A questão da segurança nos estádios

Clarissa Medeiros Cardoso, advogada

O Estatuto do Torcedor dispõe que o torcedor tem direito à segurança nos estádios e afirma que é da entidade esportiva a responsabilidade de fornecê-la, devendo esta solicitar ao poder público competente a presença de agentes públicos de segurança responsáveis pela segurança dos torcedores dentro e fora dos estádios. É nítida a relação de consumo estabelecida entre o torcedor e o time promotor da partida, sendo que qualquer dano sofrido pelo torcedor deverá ser indenizado pelo promotor, independentemente de a segurança ter sido feita pela Polícia Militar ou por empresa privada. Sobre este último ponto reside a discussão da legalidade da utilização da PM nos jogos, autorizada pelo estatuto.

Segundo a Lei Estadual 7.541/88, entidades privadas poderão solicitar ao Estado serviço de segurança em eventos particulares, mediante pagamento de taxa.

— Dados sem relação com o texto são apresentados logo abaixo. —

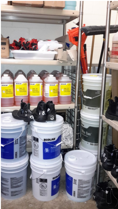
Non-Slip Shoes for inmates; Cleaning Solutions- 5 gallon, 55 lbs. Up to 32"
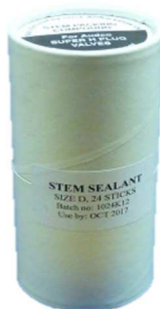
Stem Compound - D size
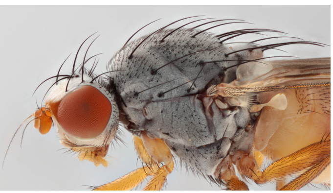
Head and thorax - lateral view
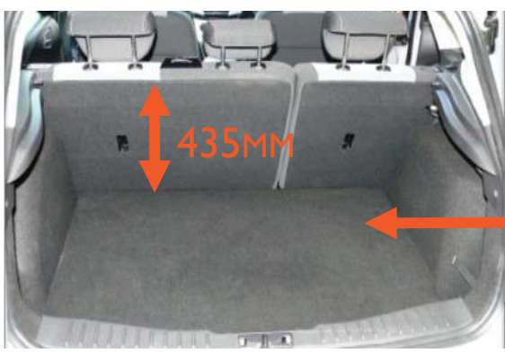
FRONT PANEL HEIGHT = 435mm (measure along seat surface)

Room for Full size spare tire under the floor
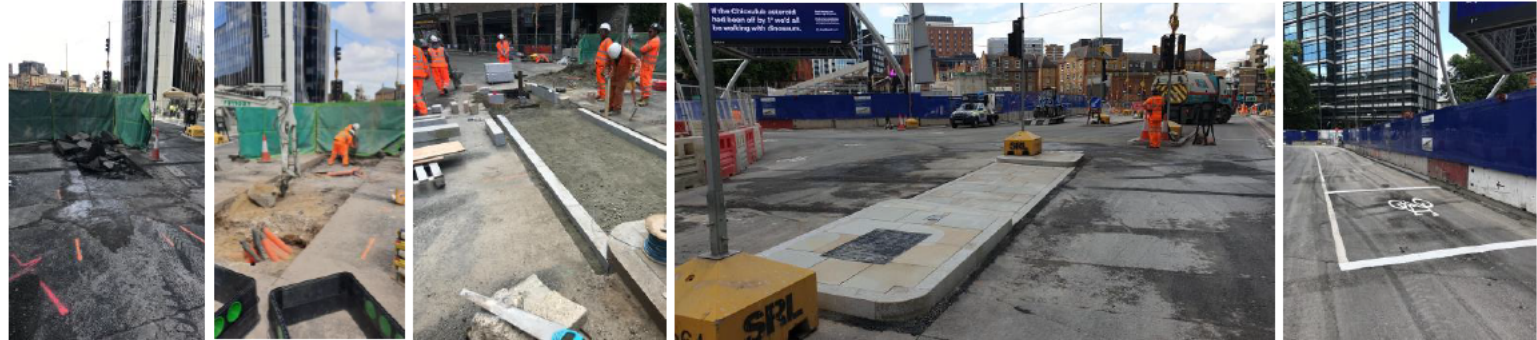
Installation of traffic islands at Old Street junction

Our recent traffic management weekend was successfully completed between 10-12 June 2022. Over the weekend we completed a large scope of works, with a particular focus on highway and surface level works such as traffic islands, lighting columns and signals that will allow the junction to operate safely in its layout for the final phase of the project.
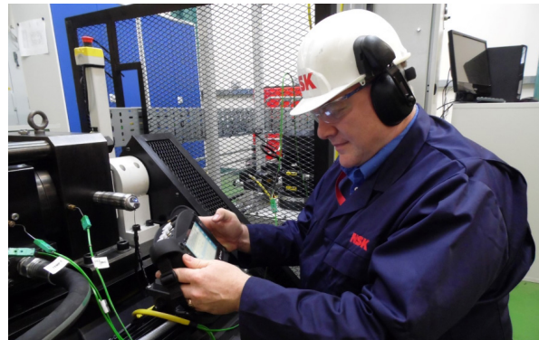
↑ Condition Monitoring Service (CMS)
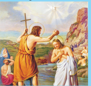
Thur. 13<sup>th</sup> January 2022 St Hilary (optional memorial)

Sunday 9<sup>th</sup> Jan. 2022 The Baptism of the Lord
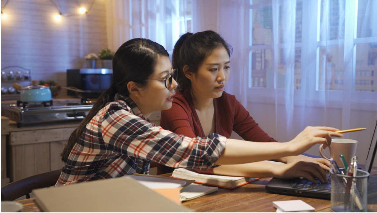
In some share houses, all the students have lost their jobs and don't know how they'll pay the rent.
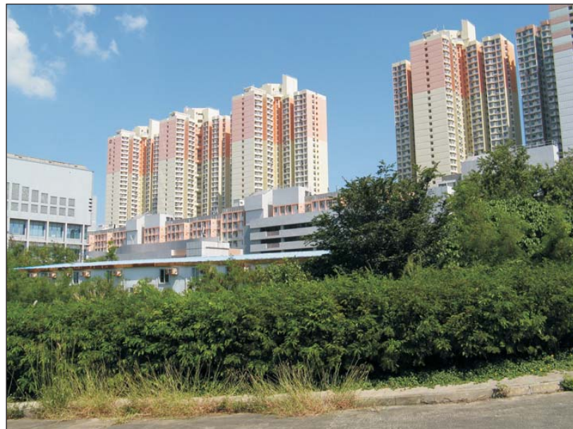
R2.4 Ho Man Tin Estate (High Rise Building Block)
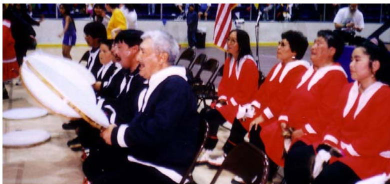
Figure 5 Nuvukmiut [‘people from Point Barrow’] Dance Group performing in the World Eskimo Indian Olympics in Fairbanks, Alaska. July 2002.

One of the most striking comments I repeatedly and explicitly heard from Iñupiat in the younger generations is that singing songs in the Iñupiaq language is a way to learn and preserve their endangered language. In fact, memorising Iñupiaq songs is an activity that occupies considerable time and energy in the life of the young drummers. Among the Barrow Dancers, almost all active members are either teenagers or people in their twenties and many of them told me that developing the ability to sing songs in Iñupiaq is one of the most important means of learning the language. Some of them explained that learning Iñupiaq in school or attending Iñupiaq church service requires great effort. Singing songs in Iñupiaq with their peers, on the other hand, is much more enjoyable. In other words, singing Iñupiaq songs is a less demanding language exposure task, during which particular specialised genres can be acquired and during which, thus, a form of language proficiency can be constructed in Iñupiaq.
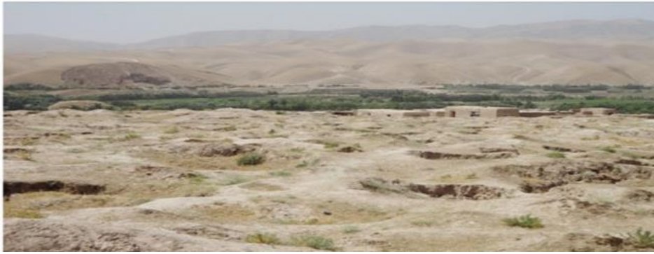
Figure 5. Historical view of Zhubin Hill, Ali Abad District, Kunduz Province

On the west side of it, the Baghlan Sea and the gate of the hill can be seen on the same side, which indicates that there is a house inside the said hill belonging to the historical era, which has not been discovered and explored in detail yet. This hill is of great historical importance and is considered one of the cultural heritages of this land, and the existence of this historically important hill is a proof of the bright history of Kunduz land (Ranjbar, 2023)
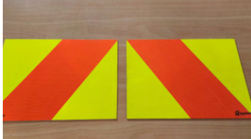
Overwidth panels on gate. Improved safety with better visibility on the road
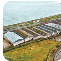
VEHA SITE Page 6
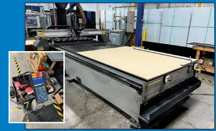
MultiCam 3000 CNC Router (2009)
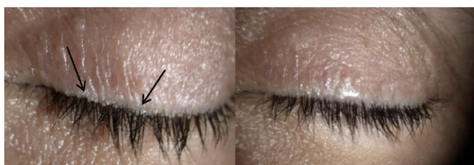
Figure 2. A Demodex -positive patient with Cylindrical dandruff (arrow) before and 2 months after ivermectin treatment
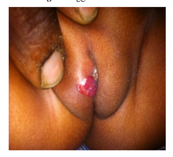
Fig 4- Hemangioma
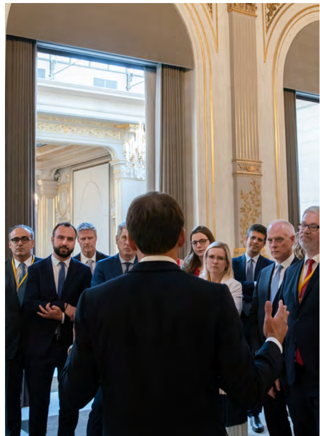
Meeting with the G7 Sherpas on the 13th of June of 2019.

The G7 is not just a discussion forum. It has been behind very concrete achievements including the creation of the Financial Action Task Force (FATF), the European Bank for Reconstruction and Development (EBRD), the Global Fund to Fight AIDS, Tuberculosis and Malaria, and the Muskoka Initiative to reduce maternal and infant mortality.
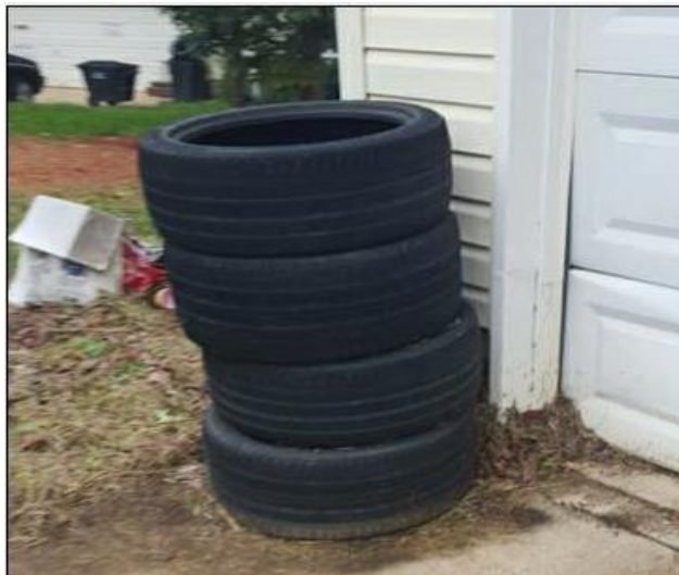
Set of 4 Tires
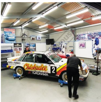
Moving Vehicle Into Position
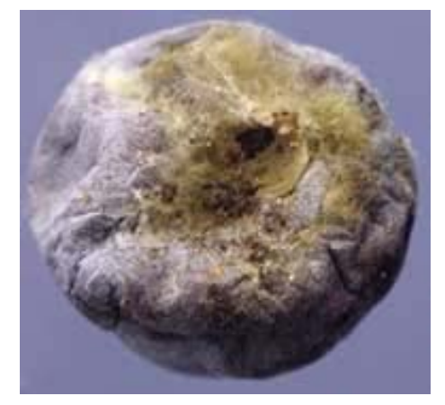
Figure 3. Post-harvest incubation of fruit under high humidity results in a fuzzy grayish green mold to form on the fruit surface.

Cultural control measures are also extremely effective and should be aimed at making the environment less conducive for pathogen growth and development, e.g., by pruning bushes to create an open canopy (this will also allow better spray penetration), good weed control, and timing of overhead irrigation to allow rapid drying of leaves and fruit. Timely harvests and rapid cooling and processing of fruit can reduce post-harvest losses. In the long term, pruning out of old or infected canes and twigs can be effective at eradicating or reducing overwintering inoculum. Another option is to plant resistant cultivars, such as Elliott. Among the newer cultivars, Draper and Aurora are also resistant to Alternaria fruit rot.
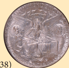
1936-D Texas Half Dollar
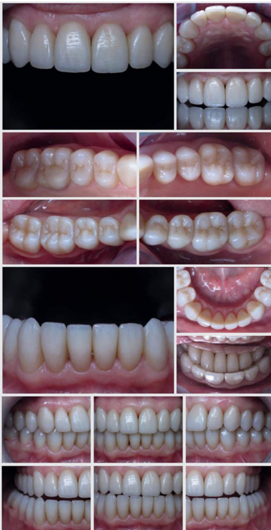
Figures 9 and 10: Appearance of Teeth Restored with Composite, One Month after Replacement of Restorations
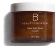
Sugar Body Scrub in Lemongrass $40 USD | $49 CAD

With a blend of nourishing oils and invigorating brown sugar, this scrub buffs away dry skin, leaving the body with a healthy-looking glow.
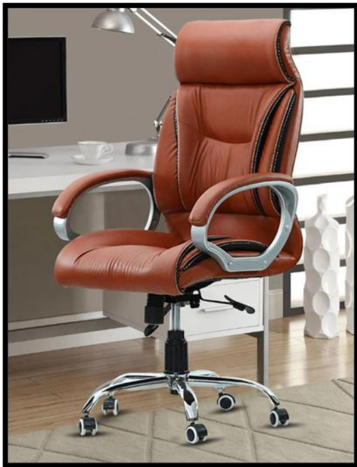
Executive Revolving Chair
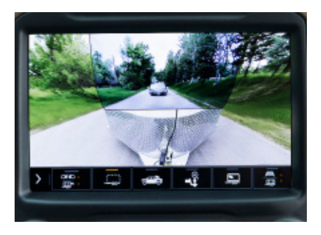
Transparent Trailer View <sup>2</sup> Allows the driver to virtually "see through" a compatible trailer.
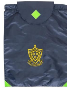
Whitefriars excursion bag
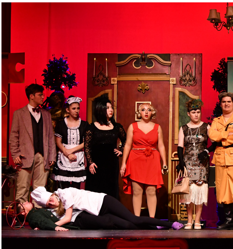
(From left)- Professor Plum, Yvette, Mrs. White, Miss Scarlet, Mrs. Peacock, and Colonel Mustard look on, perplexed as the murdered Cook ends up falling on top of poor Mr. Green.

Don't forget to see Anything Goes in the spring!
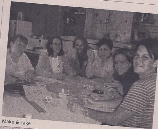
Make & Take
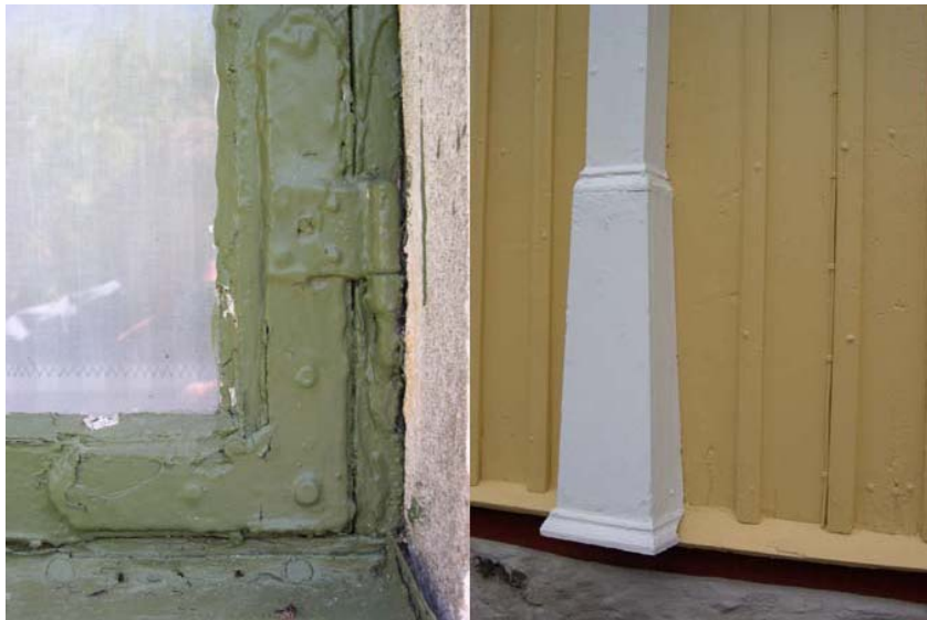
Fig 2. The analyses of details such as these are necessary to decide the age of the façade material, the only possibility to establish a reliable date. The façade could not have been scraped clean since it seems to be quite clear that the idea of scraping a whole façade or even a couple of windows is a modern custom, from after the 1970:s.

The presuppositions of the project were several: vernacular architecture is a neglected field of research; the character of the evidence is suitable in the sense that rural houses in

Em que pese o embasamento legal para tal cobrança, o time paga aos cofres públicos míseros R$ 9,36 por hora trabalhada do policial, arrecadando numa partida cerca de R$ 22.464,00, à custa da redução da segurança coletiva! A discussão não existiria se uma das principais queixas da PM não fosse a insuficiência de efetivo. Como justificar o uso de efetivo militar para evento particular quando não há policiais suficientes para a coletividade?

Ressalta-se que a ação civil pública do Ministério Público de SC não pede a proibição da PM nos estádios, mas o fim do desvio de função, entendendo que a taxa não converte a atividade pública em privada, censurando sua atuação para a segurança de árbitros, revista de torcedores, entre outras funções que competem à segurança privada, cabendo à PM apenas a supervisão. Aliás, esse modus operandi é exigência do regulamento de segurança da Fifa para a Copa.